Oh these days everyone wants to rescue! These people in my area get every and any kind of animal they can in need, "rescue" it, and keep it as try and find it a new home. That's all well and good, but some of these "rescues" have everything from guinea pigs to horses! This one "rescue" has guinea pigs and a rabbit in crappy gross conditions, the guinea pigs were outside in the mud in some wire pen, and the rabbit is in a tiny cage. And also everyone these days is like "here's this dog I rescued" and then they go and ask for free donations because they rescued it. So there's these two male rats that popped up on a local Facebook pets page, so knowing how terrible the rat care in this area is I've been monitoring the post closely. I offered to give the owner advice to maybe help her find a way to keep her rats Becuase she says "they're just not the pet for her". So then this "rescue" asks her if she will trade and starts posing pictures of her "rescue" animals she wants to trade for the rats!! She posts photos of the rabbit, and this guinea pig in a rusty metal cage with no bedding or padding at all, and only a Mountain Dew box and a magazine sheet in the bottom.

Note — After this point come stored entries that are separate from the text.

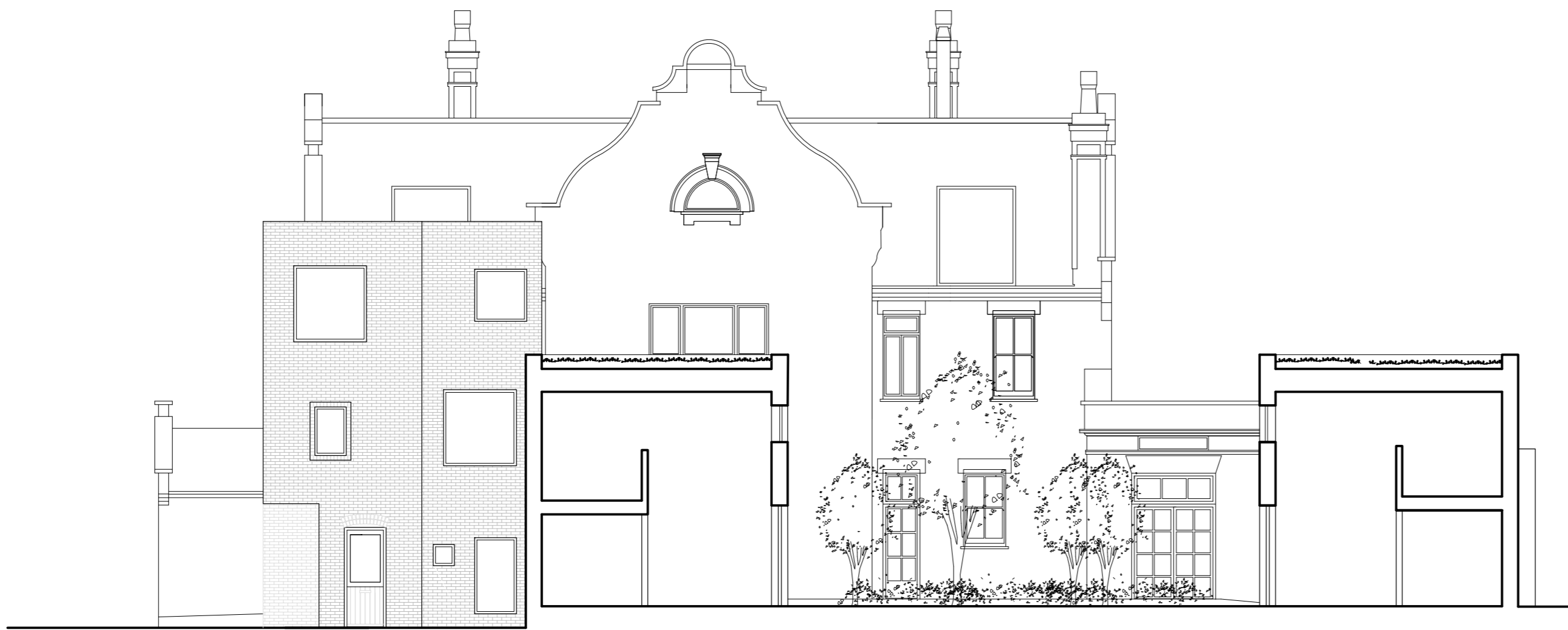
PROPOSED ELEVATION 09 (South facing section / elevation through new build with existing Holmes Road front building beyond)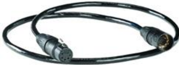
DMX Cable 5-pin B/G 5'

DMX Data Communications Cable – 5’ $30 each – Need 40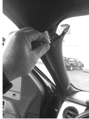
3. Remove factory pillar.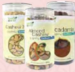
LOVE EARTH LIGHTLY SALTED ALMOND/ PISTACHIO/ MACADEMIA 260G - 350G RM38.88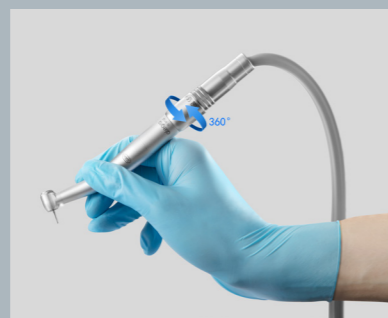
High Speed Handpiece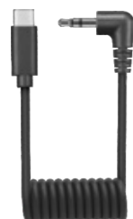
GAC-IC9 USB-C to 3.5mm TRS Audio Cable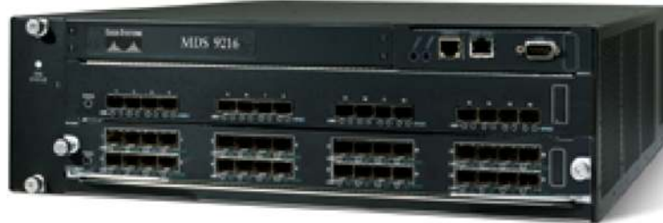
Figure 1. Cisco MDS 9216 Multilayer Fabric Switch

Note: Shown with optional 32-port Fibre Channel Switching Module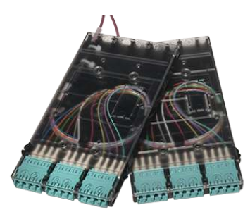
OM4 LC Cassette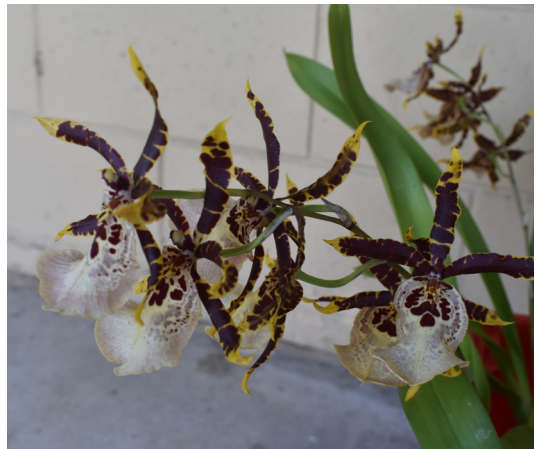
Deg. Flying High 'Stars & Bars'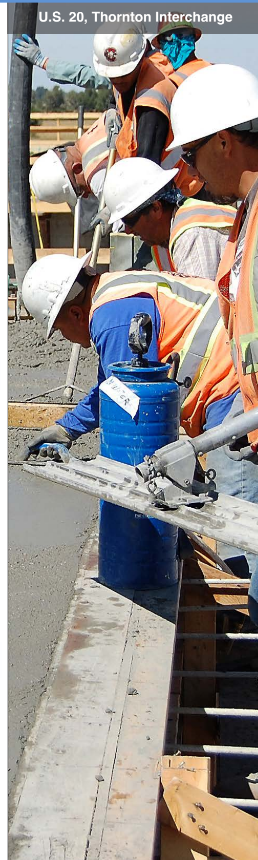
U.S. 20, Thornton Interchange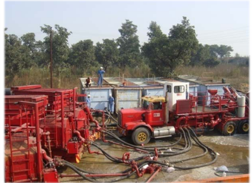
Hydro-fracturing unit at CBM Well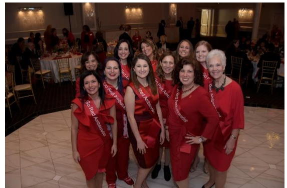
AHA/ASA Go Red Ambassadors - 2017 Northern New Jersey Go Red For Women Luncheon

The American Heart Association is having another successful year in their crusade to build healthier lives, free of heart disease and stroke. Founded in 1924, the American Heart Association is the nation's oldest and largest voluntary health organization, dedicated to helping to prevent, treat and defeat heart disease and stroke - the two leading causes of death in the world. The Association teams with millions of volunteers to fund cutting-edge research, fights for stronger public health policies, conducts lifesaving public and professional educational programs, and advocates to protect public health.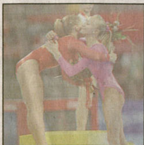
Nastia Liukin and Shawn Johnson took the gold and silver medals, respectively.

The United States came out on top with highest total medals, 110.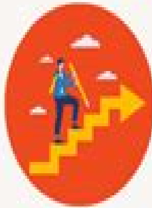
Employee Development Strategy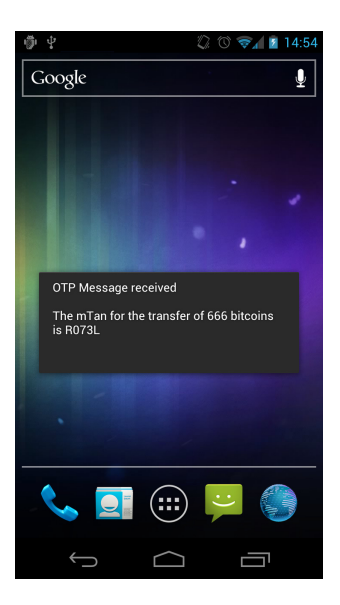
Fig. 6. The OtpMessages Application receives an SMS containing an mTAN OTP.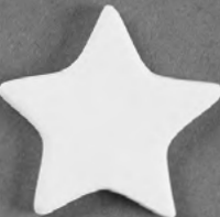
33445 Star Embellie 1.5" x 1.5" x .15" 12 per case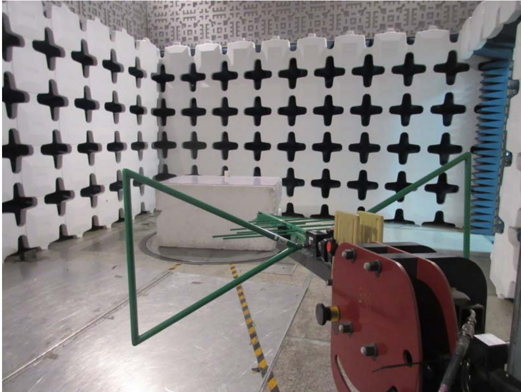
Test Setup for Radiated Emissions, 30MHz to 1GHz – Horizontal Polarization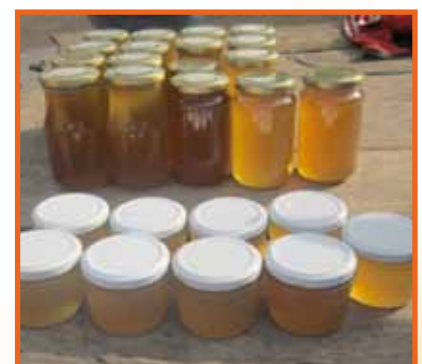
Honey production in Kaffrine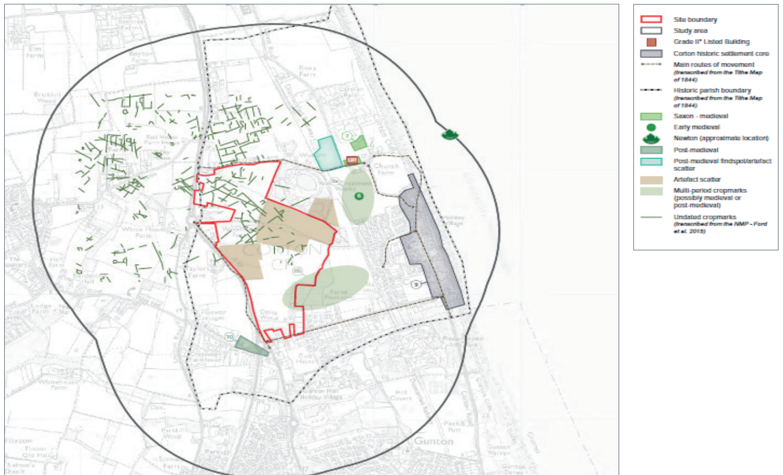
Plan showing potential archaeological finds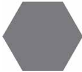
TMAGRHEX Magic Gray 8" x 9.5" Sq. Ft.: $10.95 – Pc.: $4.93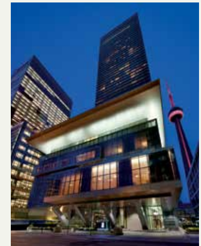
RITZ-CARLTON - TORONTO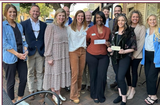
Perry Kiwanis Club and Zaltana Club donated the proceeds from the "Pancake Breakfast with Santa" Event to FPGHC. We are so grateful for this generous donation!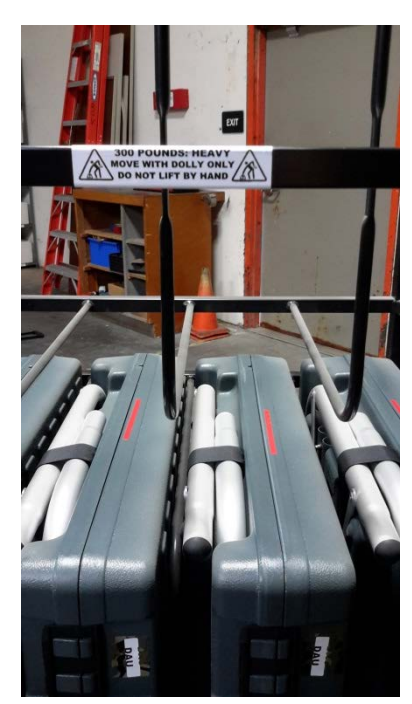
Full DAU Cart- Pull Force- 27.33 lbs.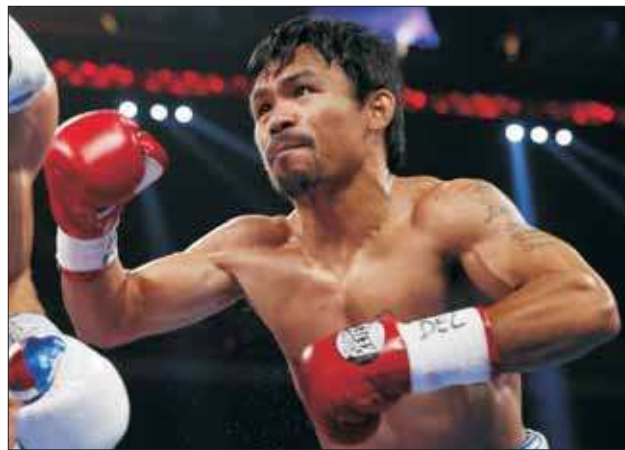
SUPERFIGHT. World Boxing Organization welterweight champion Manny Pacquiao of the Philippines fights during his world welterweight title boxing match at the Venetian Macao last year. Floyd Mayweather Jr. wants to fight Pacquiao, according to a top Showtime executive, and negotiations for a May 2 bout continue.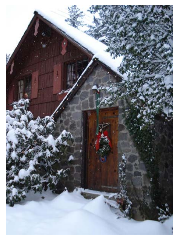
8740 SW Oleson Road in Portland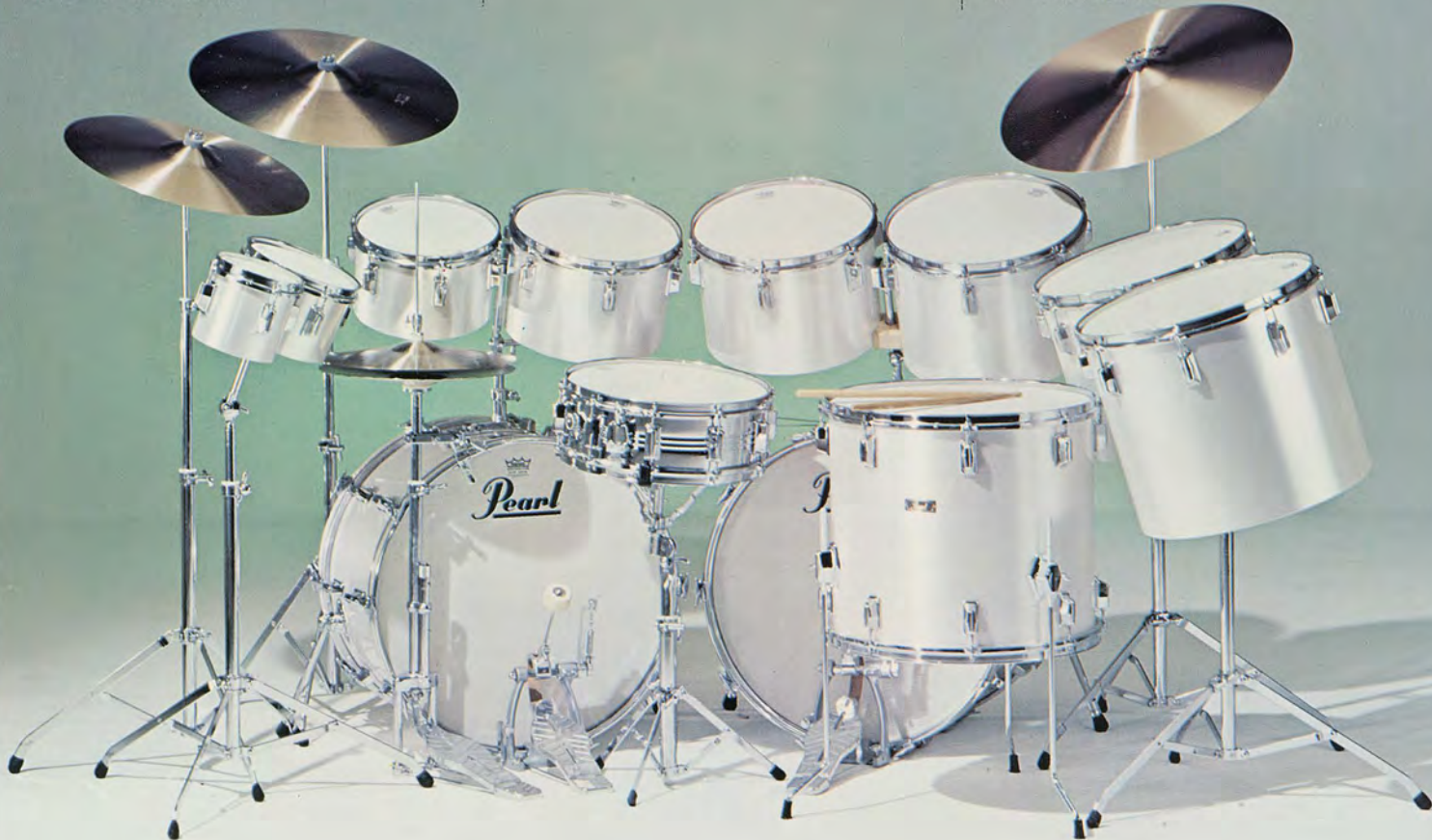
Finish shown: Satin Silver

No.FW-124 WOOD-FIBERGLASS DYNA-FAMILY OUTFIT, as above with 14"x24" Bass Drums.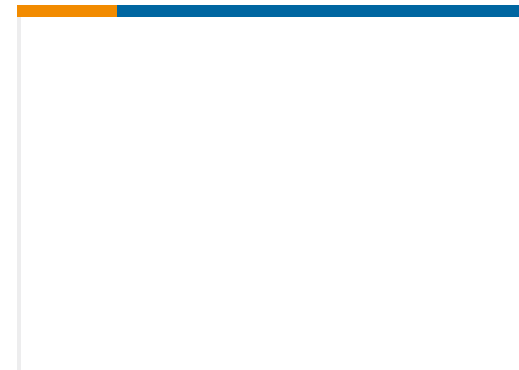
TE Part #1SNA103332R2400 FEF 12-1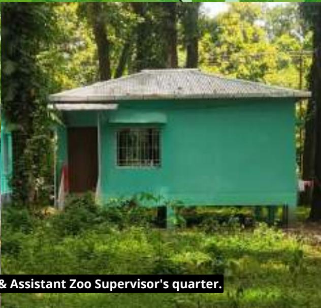
Fig: Construction of Zoo Supervisor & Assistant Zoo Supervisor's quarter.

What kind of "rescue" trades around their animals!! Just stop it people you aren't a real rescue you're just a person who wants to "help out" but you don't have nearly the funds or knowledge to anything the right way.


----------



## PawsandClaws (Jul 22, 2014)

Too many animals hoarders try to pass themselves off as a 'rescue' into an attempt to fool people into surrendering more animals to them that they cannot look after. These individuals then usually get overwhelmed and a real rescue has to fish them out of the gigantic mess they have created. As for this specific person, just absurd. Any live animal trades deeply disturb me and I just do not understand the logic behind 'you can't look after x, here is something equally as hard to look after. You have certainly proven yourself capable with how easily you discarded those pet rats of yours...' Some people who try to help have their heart in the right place, but this person sounds like a total hack.


----------



## Jess <3 (Jan 23, 2014)

Oh god that's horrible! Hopefully instead of 'trading' them for something else she'll find them a good home or give them to an actual rescue who will do so. I just hope all those animals end up somewhere better.


----------



## ksaxton (Apr 20, 2014)

The rat owner didn't want to trade for a rabbit or guinea pig because "those are just as complex". Ugh! What? Well you didn't do your research before getting them, that's no excuse to dump them once you realize they care they actually require. She said she's only had them a week and has decided "they're not the pet for her". They're cute little boys, ones a dumbo variberk and the other is a hairless. I'm monitoring the post closely, I hope someone decent take them but I'm not hopeful


----------



## Pandorascaisse (Mar 12, 2014)

I know someone who traded guinea pigs for rabbits... and then promptly introduced their rabbits to their pitbull (who thankfully was a total sweetheart towards them) and was like "wow, I'm surprised he didn't kill them."

I.
_What._


----------